To find out, researchers polled Democratic primary voters to learn their views on the electability of women candidates (in general), the electability of particular women candidates, and their intentions to vote for a woman, while taking into account things like the voters’ gender, age, race, and education level, as well as whether or not their preferred candidate was a woman or a man.

The researchers found that 76% of respondents thought it would be harder for a woman to win against (then president) Trump in a general election, compared to 16% who thought being a woman wouldn’t make a difference and 8% who thought it would be easier.

When asked why they thought women were less electable, respondents confirmed that pragmatic concerns were prevalent. Ninety-one percent said they thought “many Americans are not yet ready to vote for a woman president,” while many also believed women candidates would have to meet higher requirements for proving themselves, face biased media coverage, and endure harsher, more effective criticism from their opponents.

This does not surprise one of the study’s coauthors, Robb Willer of Stanford University.

“We had the sense that this was a widely held belief amongst many Americans and, in particular, amongst more liberal Americans who are more aware of and concerned about gender inequalities in society,” he says. “Many Democratic primary voters have deep-seated suspicions that others hold significant biases against women as potential leaders.”

Willer and his team also found that people who believed a woman was less electable had less intention to vote for a woman in the primary, too—even if a woman was their preferred candidate.

How to combat pragmatic bias in politics

How might researchers change that bias? The next part of Willer’s experiment focused on finding out.

In one experiment, he and his colleagues recruited Democratic voters and randomly assigned them to receive different information. In a “true information” group, participants read that 52.5% of voters are very or extremely ready for a woman president (a figure based on their earlier polling). Meanwhile, a “misperception” group read that only 15.7% of voters are very or extremely ready for a woman president.

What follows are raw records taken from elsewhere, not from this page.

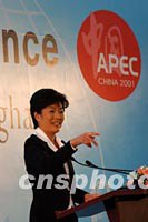圖:章啟月就APEC會(huì)議總體安排問題答記者問 2001年10月14日 12:16 ![]() 2001年APEC會(huì)議中國籌委會(huì)秘書處發(fā)言人章啟月,十四日在新聞中心就2001年APEC會(huì)議總體安排問題舉行新聞發(fā)布會(huì),回答中外記者提問。中新社記者 王瑤 攝 |
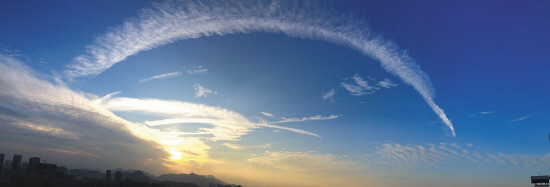 昨天下午,椒江的天空出现一片漂亮的云彩,犹如一道弯弯的眉毛横过天际。
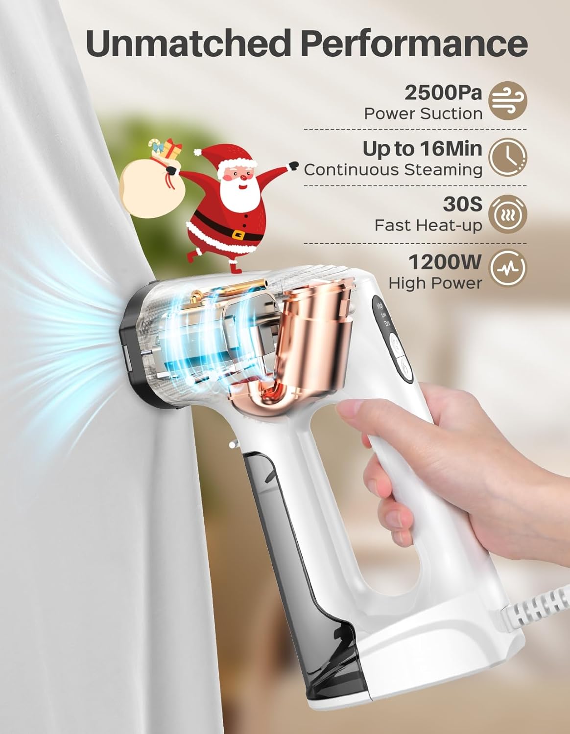 Wrinkle-Blasting Power in Just 30 Seconds: Rushing out the door? No problem. Our 1200W heating system delivers a powerful burst of steam in half a minute. This intense steam penetrates deep into fabric fibers, rapidly relaxing and erasing even the most set-in wrinkles from last season’s storage. Achieve a crisp, freshly-pressed look in record time with this powerful vacuum steamer for clothes, turning a chore into a quick, satisfying task.
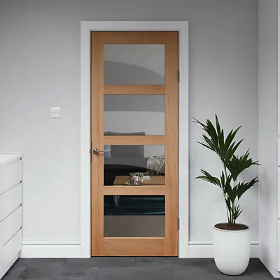 The Shaker 4-panel design is a beautiful, modern oak door created to enhance the look of any room in your home. It will give any room a modern touch with its clean lines. The glazing allows plenty of light to open up small and darker rooms.
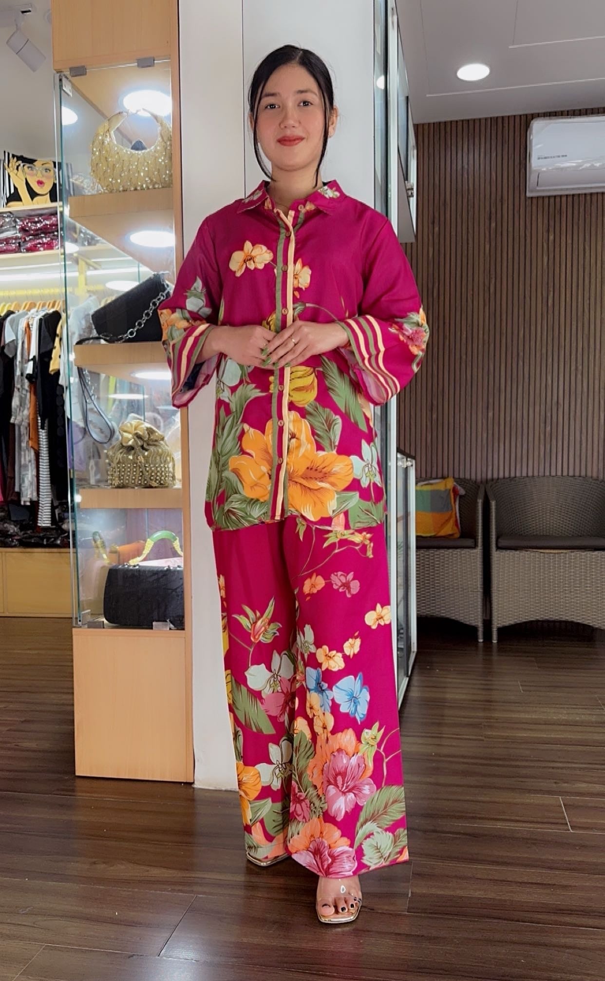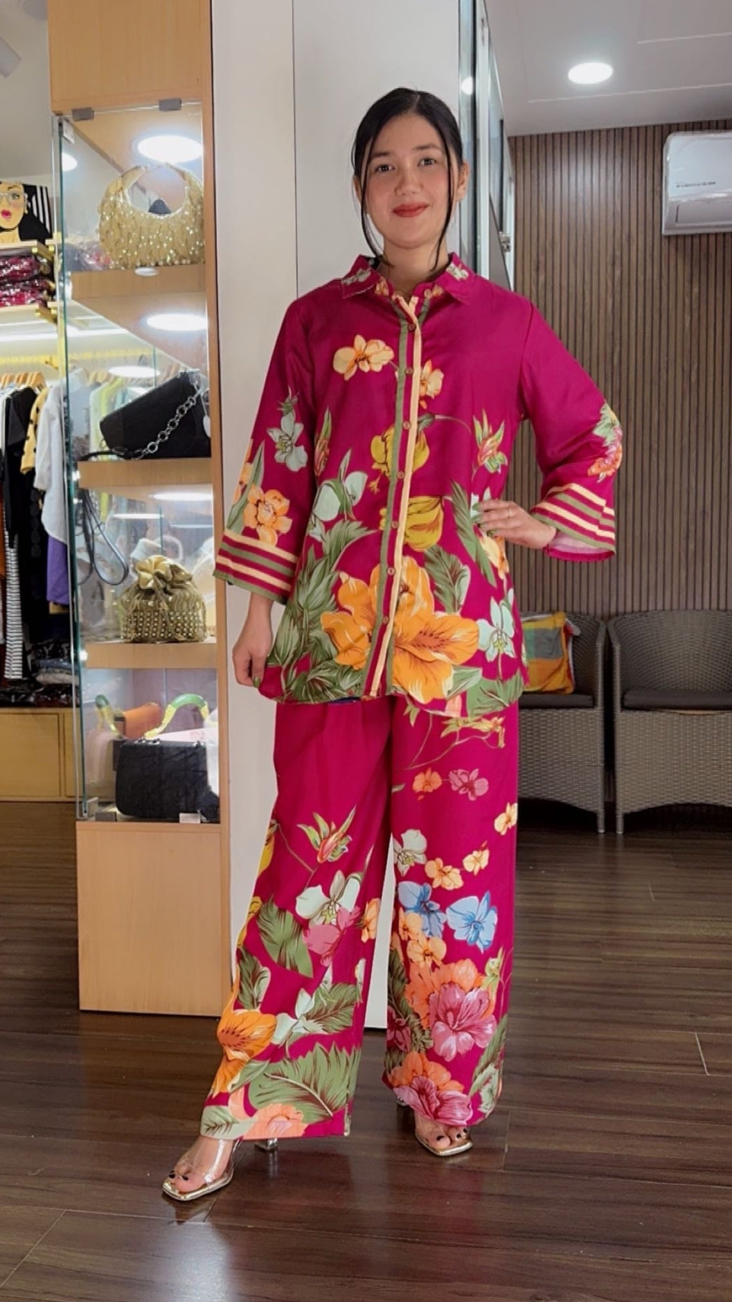 PINK AND BLUE COTTON COORDSET WITH DIGITAL PRINT
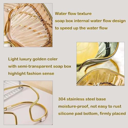 AREXOL - صبانة شفافة من اكريليك مع حامل معدني ذهبي لتصريف المياه وحماية الصابون تصميم عملي للحمام والمطبخ Soap Organizer
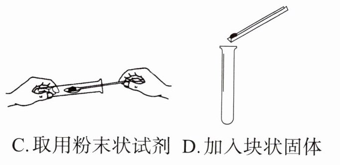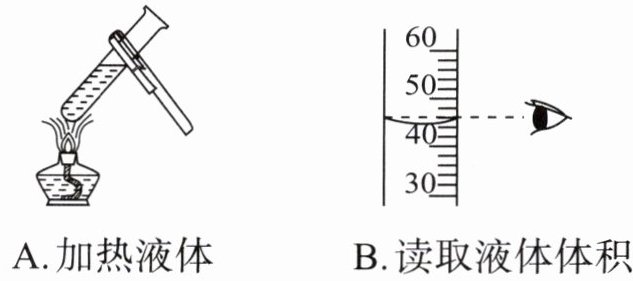 8.C 解析:加热液体时试管中液体体积不能超过试管容积的$\frac{1}{3}$;读取液体体积时,视线要与量筒内凹液面最低处保持水平;向试管中加入块状固体时,需将试管横放,用镊子把固体放在管口,再慢慢将试管竖立起来。
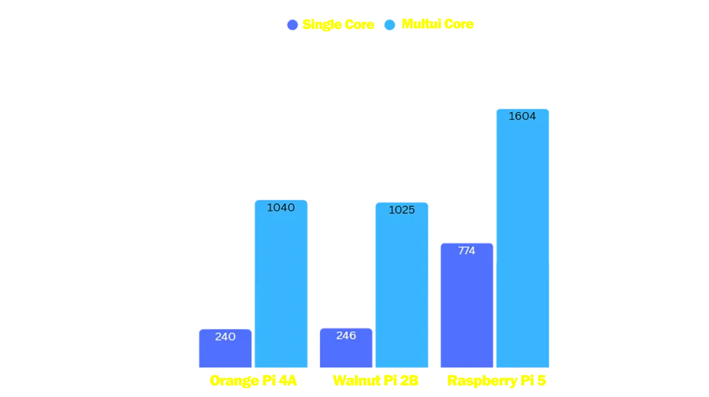 However, Walnut Pi 2B loses to Raspberry Pi 5 quite significantly, especially in single-core performance.
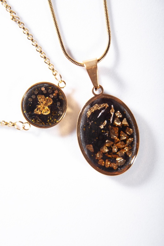 Bransoletka utrzymana jest w tej samej stylistyce, jednak jej medalion ma kształt koła. Na czarnym tle pojawia się złoty motyl – symbol lekkości i siły – uzupełniony złotym brokatem oraz złotą miką, które subtelnie odbijają światło. Bransoletka posiada regulowany łańcuszek, dzięki czemu łatwo dopasowuje się do nadgarstka.
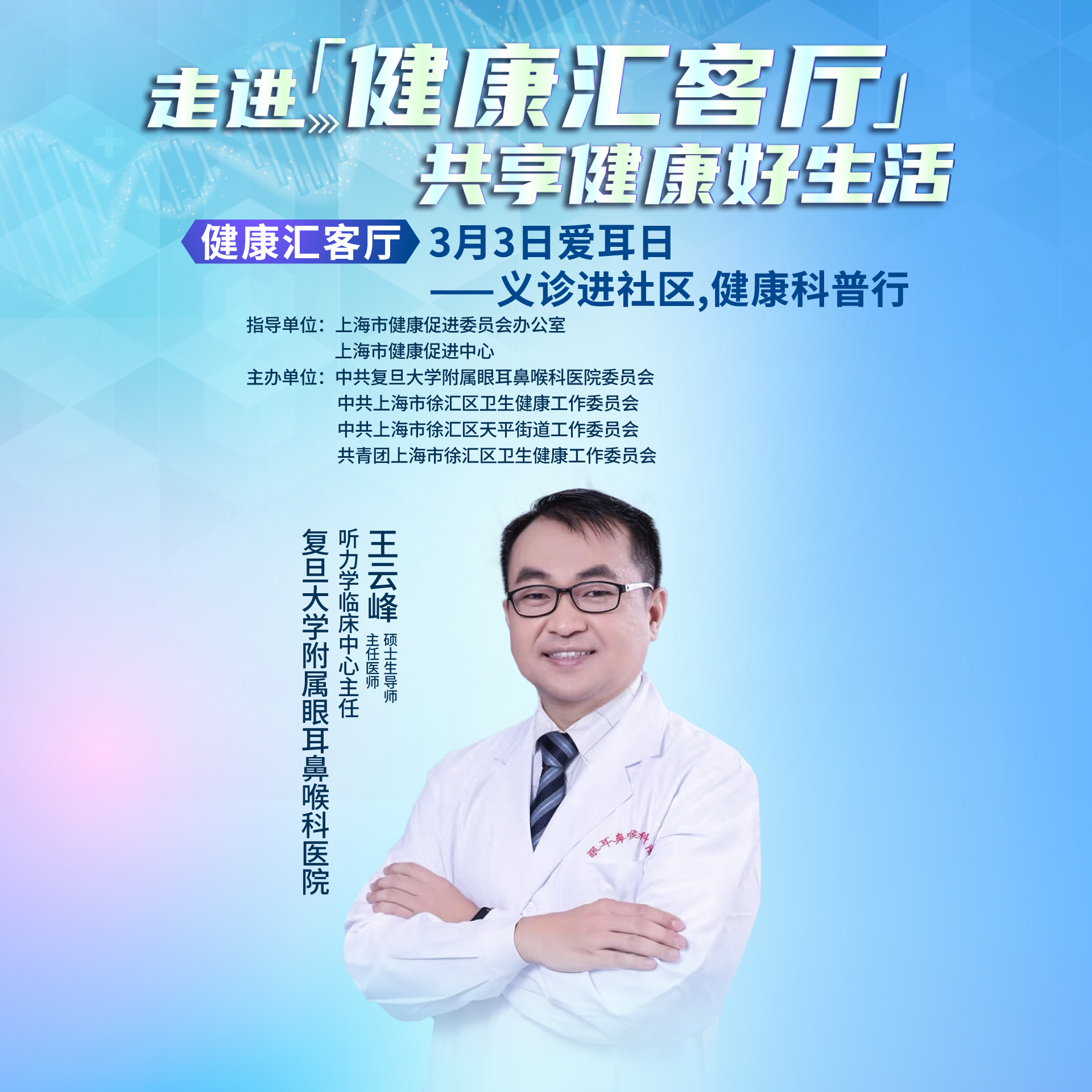 本次活动由上海市健康促进委员会办公室、上海市健康促进中心指导,中共复旦大学附属眼耳鼻喉科委员会、中共上海市徐汇区卫生健康工作委员会、中共上海市徐汇区天平街道工作委员会、共青团上海市徐汇区卫生健康工作委员会共同主办。

In another experiment, different Democratic voters were given information about women’s actual electability based on real-world election results. For example, people were informed that women who run for office are as likely to win general elections as men, receive more support than men, and are as successful as men in becoming primary delegates. In some cases, the researchers added the fact that though women won elections as much as men, they still faced disadvantages in elections due to gender bias. In both experiments, a separate group of participants received information about the 2020 presidential elections (as a control).

Afterward, the researchers asked people about their general views about voting for women candidates, or about their intention to vote for specific women (like Warren or Klobuchar).

Unfortunately, giving people accurate information about others’ readiness for a woman president was not enough to change their intentions to vote for a woman. But presenting people with facts about women candidates’ past performance did increase voters’ intentions to vote for a woman, in general, and for specific candidates. Adding the fact that they faced disadvantages didn’t affect the results one way or the other.

“If you’re going to be a part of a successful collective action, like a successful primary campaign for an Amy Klobuchar or an Elizabeth Warren, you need to know that people aren’t just open to this, but that they’re going to join you and vote for a woman candidate—that the effort will be successful,” say Willer. “Otherwise you might think your vote will be better spent on a second- or third-favorite candidate who can marshal real votes.”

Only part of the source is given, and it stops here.